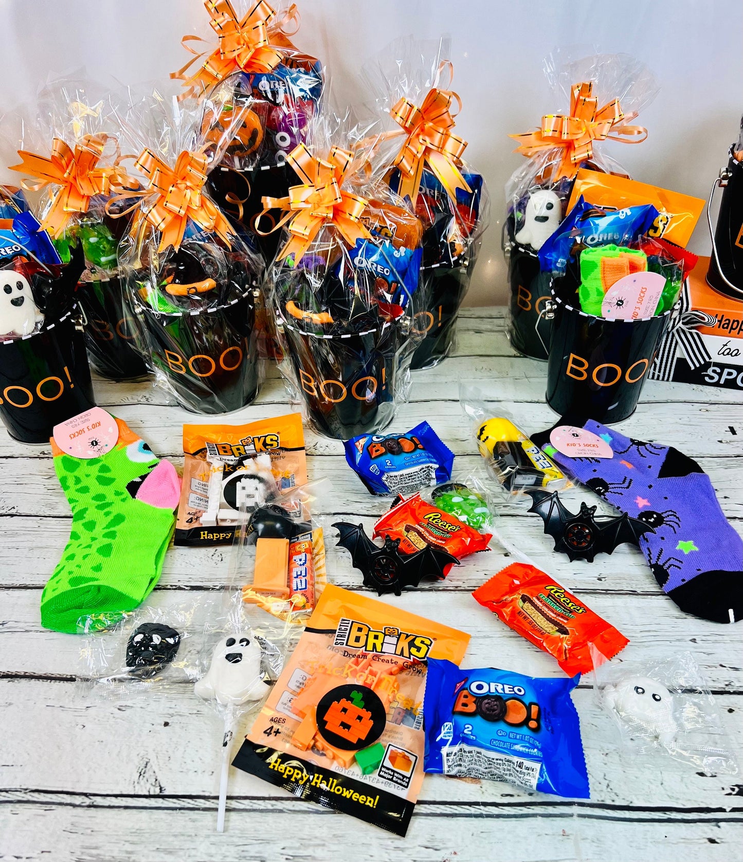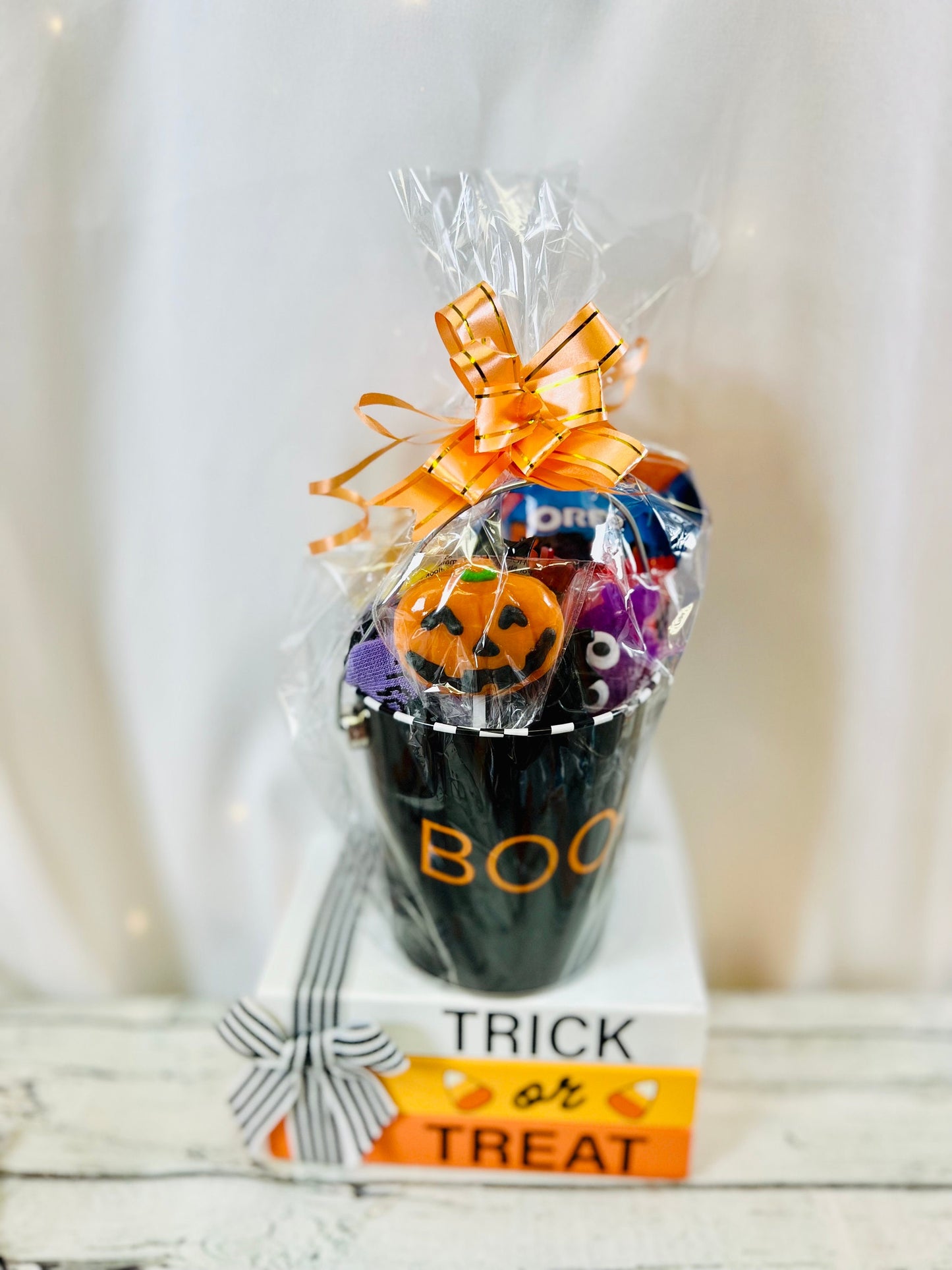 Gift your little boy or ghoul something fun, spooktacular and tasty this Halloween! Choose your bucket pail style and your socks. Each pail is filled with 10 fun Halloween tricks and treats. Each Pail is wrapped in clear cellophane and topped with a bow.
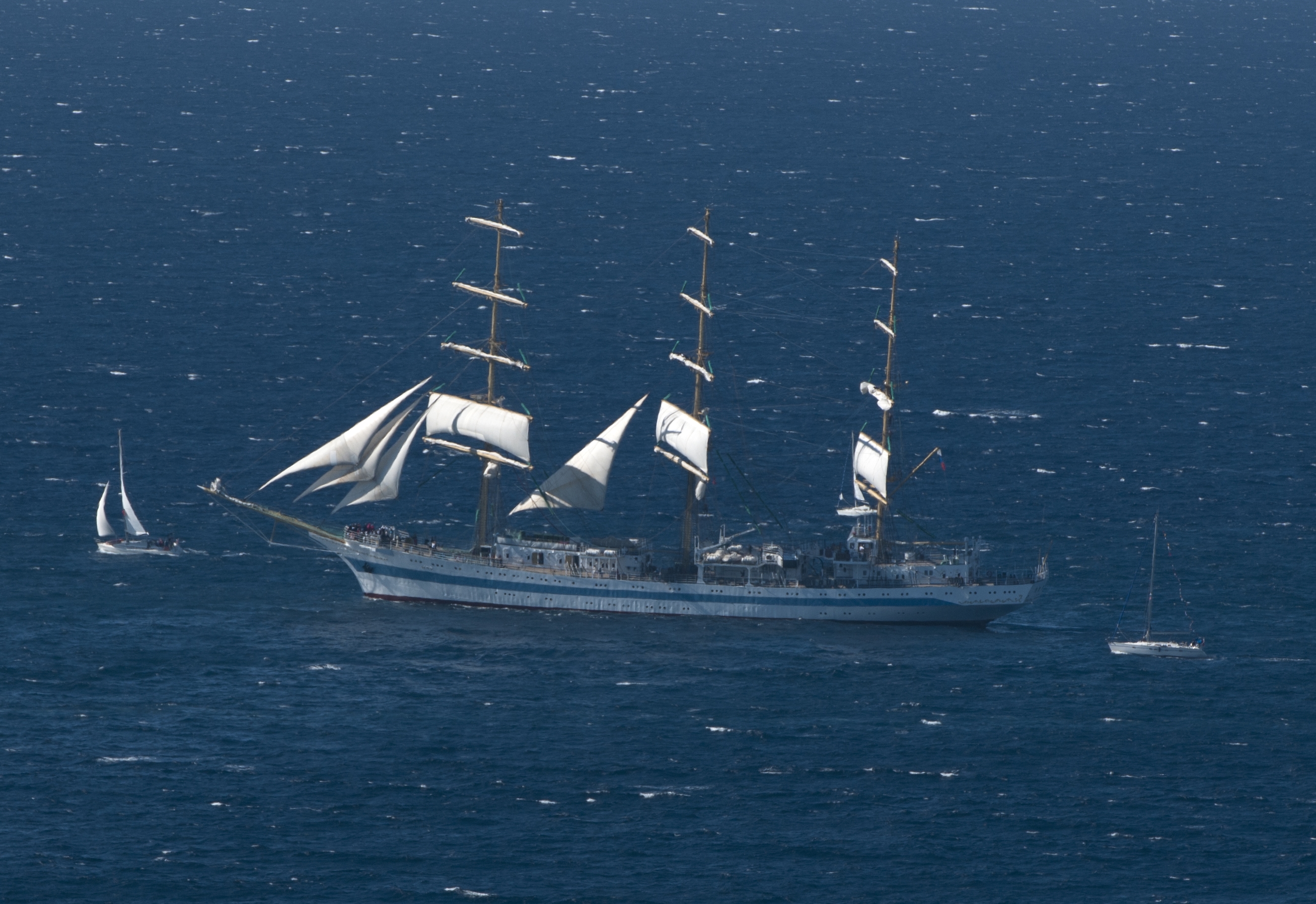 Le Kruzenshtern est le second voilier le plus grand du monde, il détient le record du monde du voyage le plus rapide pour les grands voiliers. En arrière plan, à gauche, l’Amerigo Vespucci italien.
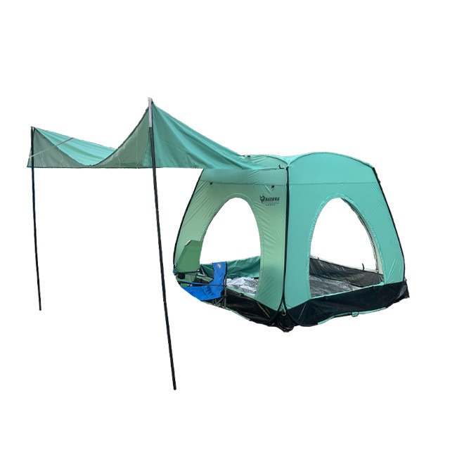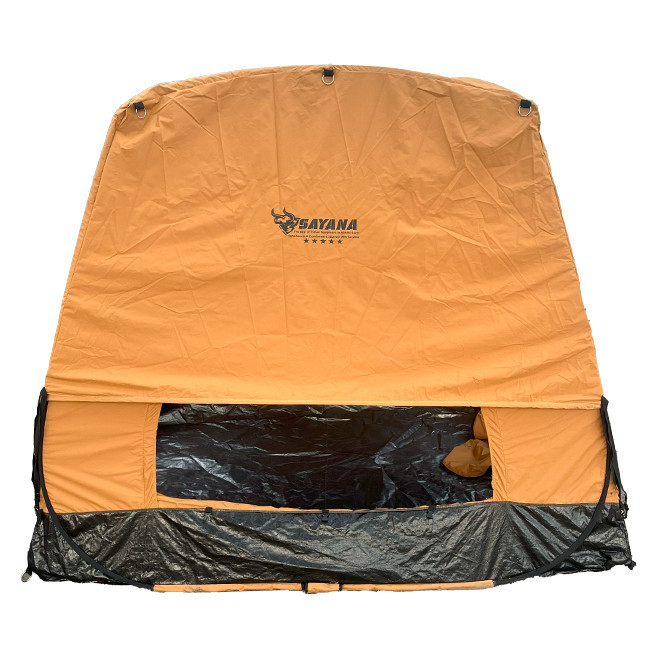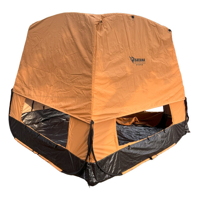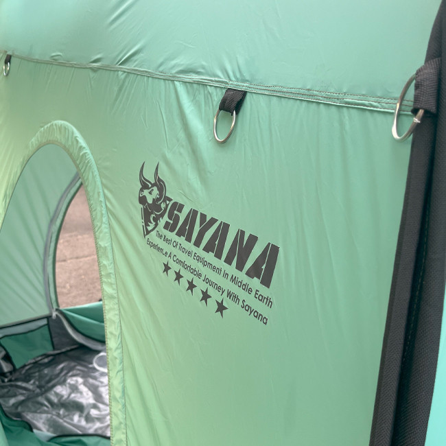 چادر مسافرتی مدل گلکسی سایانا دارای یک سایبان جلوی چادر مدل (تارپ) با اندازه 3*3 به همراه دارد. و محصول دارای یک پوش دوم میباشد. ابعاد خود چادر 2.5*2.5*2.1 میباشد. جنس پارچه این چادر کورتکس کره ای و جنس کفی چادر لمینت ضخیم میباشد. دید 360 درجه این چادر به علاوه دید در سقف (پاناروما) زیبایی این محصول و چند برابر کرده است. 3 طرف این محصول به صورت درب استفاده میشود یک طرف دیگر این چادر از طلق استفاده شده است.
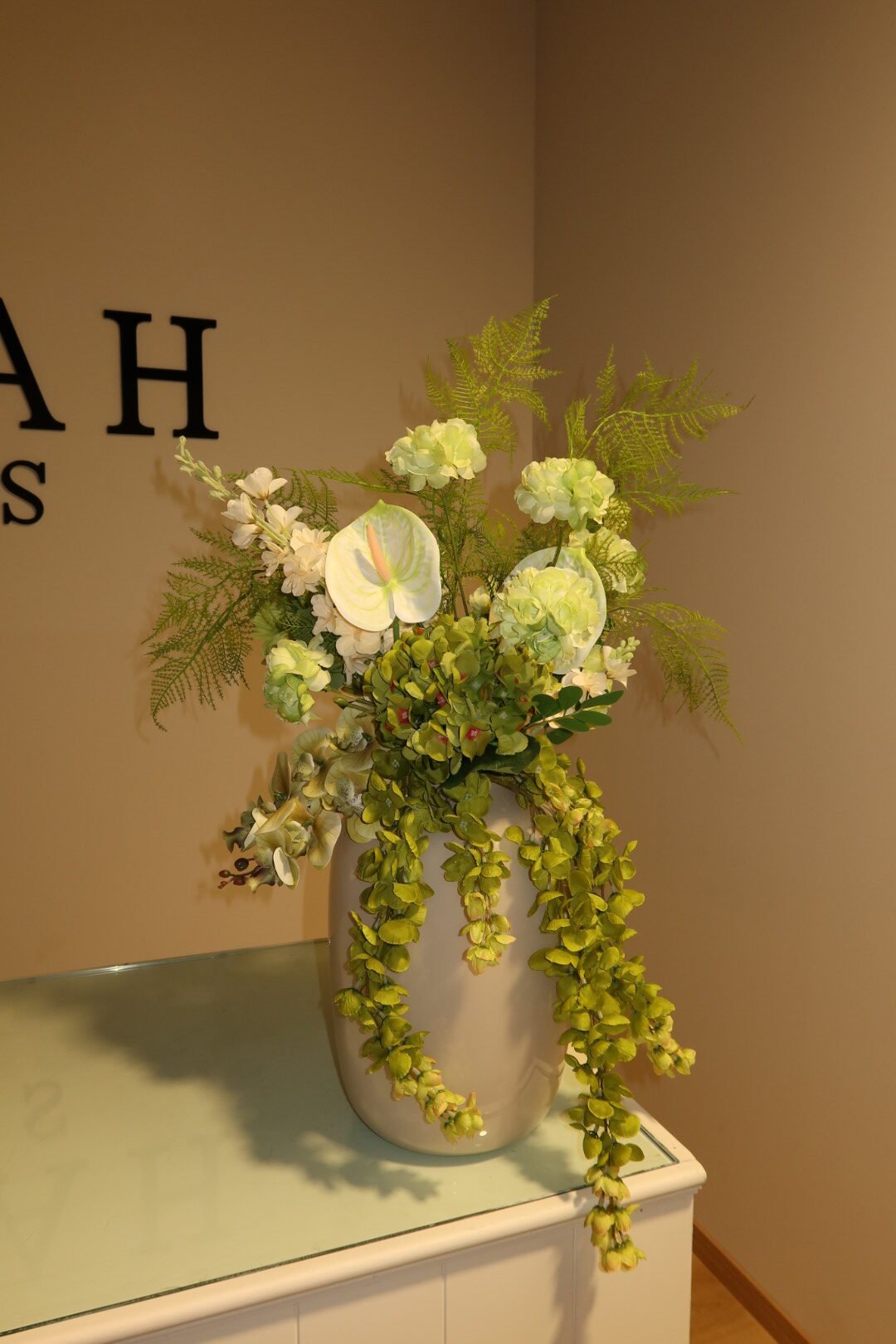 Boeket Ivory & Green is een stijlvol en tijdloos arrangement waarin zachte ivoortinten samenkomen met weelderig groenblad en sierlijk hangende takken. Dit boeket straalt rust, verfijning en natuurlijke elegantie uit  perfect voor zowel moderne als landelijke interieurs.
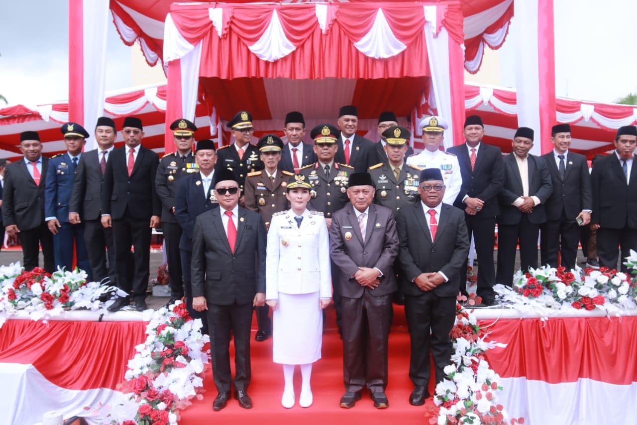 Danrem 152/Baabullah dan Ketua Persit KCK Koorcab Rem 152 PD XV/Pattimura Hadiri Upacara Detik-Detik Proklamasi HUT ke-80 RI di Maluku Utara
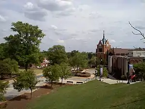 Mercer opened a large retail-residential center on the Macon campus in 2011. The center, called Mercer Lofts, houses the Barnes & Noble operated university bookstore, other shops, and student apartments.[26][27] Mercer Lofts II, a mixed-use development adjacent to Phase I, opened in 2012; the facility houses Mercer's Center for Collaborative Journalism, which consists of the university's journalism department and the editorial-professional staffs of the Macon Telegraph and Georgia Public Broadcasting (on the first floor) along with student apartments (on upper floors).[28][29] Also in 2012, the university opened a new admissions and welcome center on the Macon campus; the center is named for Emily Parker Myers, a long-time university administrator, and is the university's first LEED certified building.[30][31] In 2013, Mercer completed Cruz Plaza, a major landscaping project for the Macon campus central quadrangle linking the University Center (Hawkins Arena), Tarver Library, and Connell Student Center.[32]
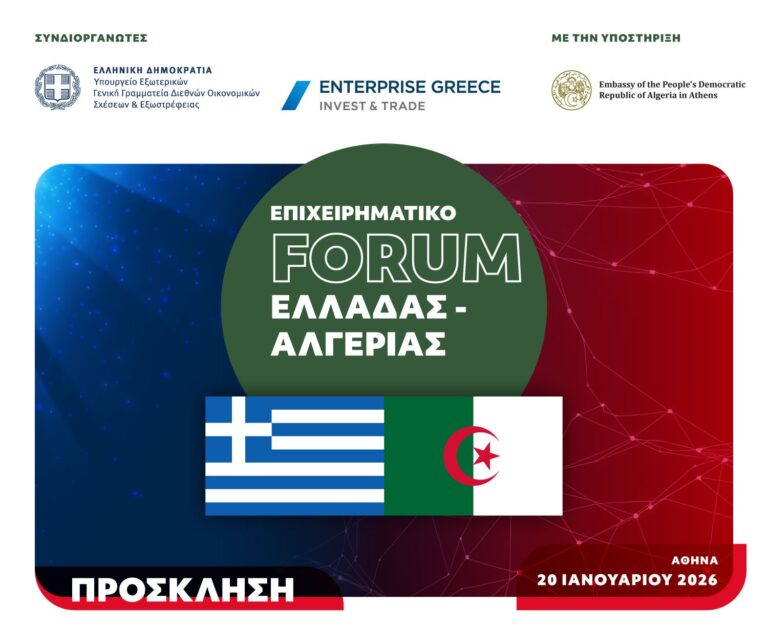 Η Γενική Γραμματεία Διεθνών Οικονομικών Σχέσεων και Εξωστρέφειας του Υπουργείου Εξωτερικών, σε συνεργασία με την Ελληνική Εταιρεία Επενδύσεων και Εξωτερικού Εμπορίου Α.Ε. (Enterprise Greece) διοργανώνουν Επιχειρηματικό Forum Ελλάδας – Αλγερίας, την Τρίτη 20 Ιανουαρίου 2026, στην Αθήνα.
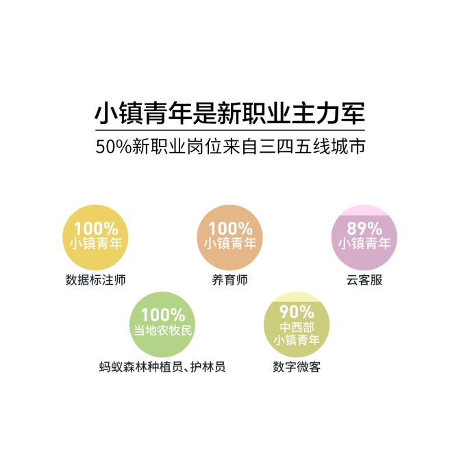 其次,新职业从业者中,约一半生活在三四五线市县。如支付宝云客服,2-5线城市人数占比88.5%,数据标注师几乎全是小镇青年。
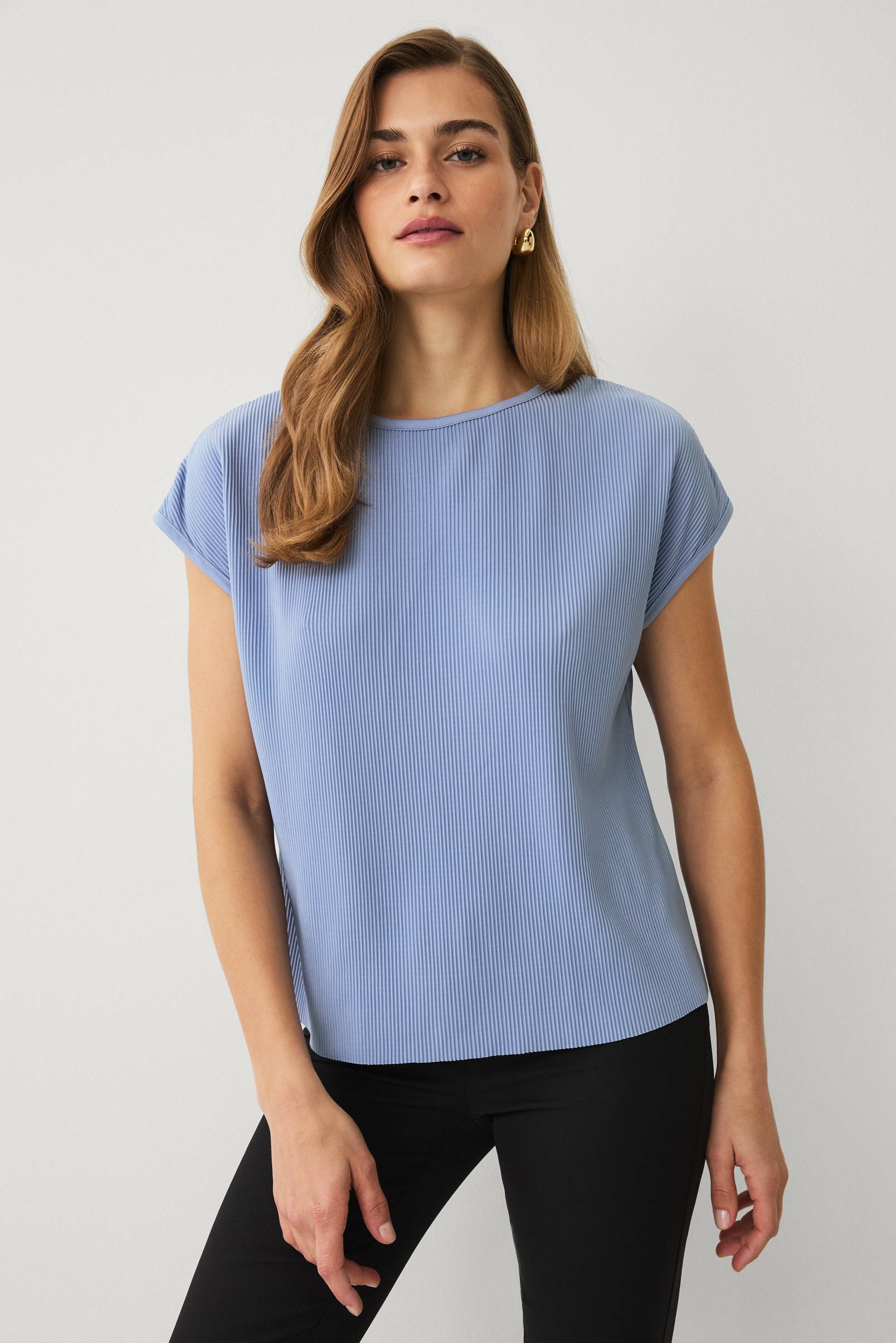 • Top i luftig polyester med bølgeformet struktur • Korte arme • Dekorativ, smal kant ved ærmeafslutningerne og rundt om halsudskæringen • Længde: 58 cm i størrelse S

[INSTRUCTIONS TO FOLLOW]
Make an exact copy of every entry above, minus the images.

[RESULT OF THE EXERCISE]
 Gift your little boy or ghoul something fun, spooktacular and tasty this Halloween! Choose your bucket pail style and your socks. Each pail is filled with 10 fun Halloween tricks and treats. Each Pail is wrapped in clear cellophane and topped with a bow.
 Le Kruzenshtern est le second voilier le plus grand du monde, il détient le record du monde du voyage le plus rapide pour les grands voiliers. En arrière plan, à gauche, l’Amerigo Vespucci italien.
 چادر مسافرتی مدل گلکسی سایانا دارای یک سایبان جلوی چادر مدل (تارپ) با اندازه 3*3 به همراه دارد. و محصول دارای یک پوش دوم میباشد. ابعاد خود چادر 2.5*2.5*2.1 میباشد. جنس پارچه این چادر کورتکس کره ای و جنس کفی چادر لمینت ضخیم میباشد. دید 360 درجه این چادر به علاوه دید در سقف (پاناروما) زیبایی این محصول و چند برابر کرده است. 3 طرف این محصول به صورت درب استفاده میشود یک طرف دیگر این چادر از طلق استفاده شده است.
 Boeket Ivory & Green is een stijlvol en tijdloos arrangement waarin zachte ivoortinten samenkomen met weelderig groenblad en sierlijk hangende takken. Dit boeket straalt rust, verfijning en natuurlijke elegantie uit  perfect voor zowel moderne als landelijke interieurs.
 Danrem 152/Baabullah dan Ketua Persit KCK Koorcab Rem 152 PD XV/Pattimura Hadiri Upacara Detik-Detik Proklamasi HUT ke-80 RI di Maluku Utara
 Mercer opened a large retail-residential center on the Macon campus in 2011. The center, called Mercer Lofts, houses the Barnes & Noble operated university bookstore, other shops, and student apartments.[26][27] Mercer Lofts II, a mixed-use development adjacent to Phase I, opened in 2012; the facility houses Mercer's Center for Collaborative Journalism, which consists of the university's journalism department and the editorial-professional staffs of the Macon Telegraph and Georgia Public Broadcasting (on the first floor) along with student apartments (on upper floors).[28][29] Also in 2012, the university opened a new admissions and welcome center on the Macon campus; the center is named for Emily Parker Myers, a long-time university administrator, and is the university's first LEED certified building.[30][31] In 2013, Mercer completed Cruz Plaza, a major landscaping project for the Macon campus central quadrangle linking the University Center (Hawkins Arena), Tarver Library, and Connell Student Center.[32]
 Η Γενική Γραμματεία Διεθνών Οικονομικών Σχέσεων και Εξωστρέφειας του Υπουργείου Εξωτερικών, σε συνεργασία με την Ελληνική Εταιρεία Επενδύσεων και Εξωτερικού Εμπορίου Α.Ε. (Enterprise Greece) διοργανώνουν Επιχειρηματικό Forum Ελλάδας – Αλγερίας, την Τρίτη 20 Ιανουαρίου 2026, στην Αθήνα.
 其次,新职业从业者中,约一半生活在三四五线市县。如支付宝云客服,2-5线城市人数占比88.5%,数据标注师几乎全是小镇青年。
 • Top i luftig polyester med bølgeformet struktur • Korte arme • Dekorativ, smal kant ved ærmeafslutningerne og rundt om halsudskæringen • Længde: 58 cm i størrelse S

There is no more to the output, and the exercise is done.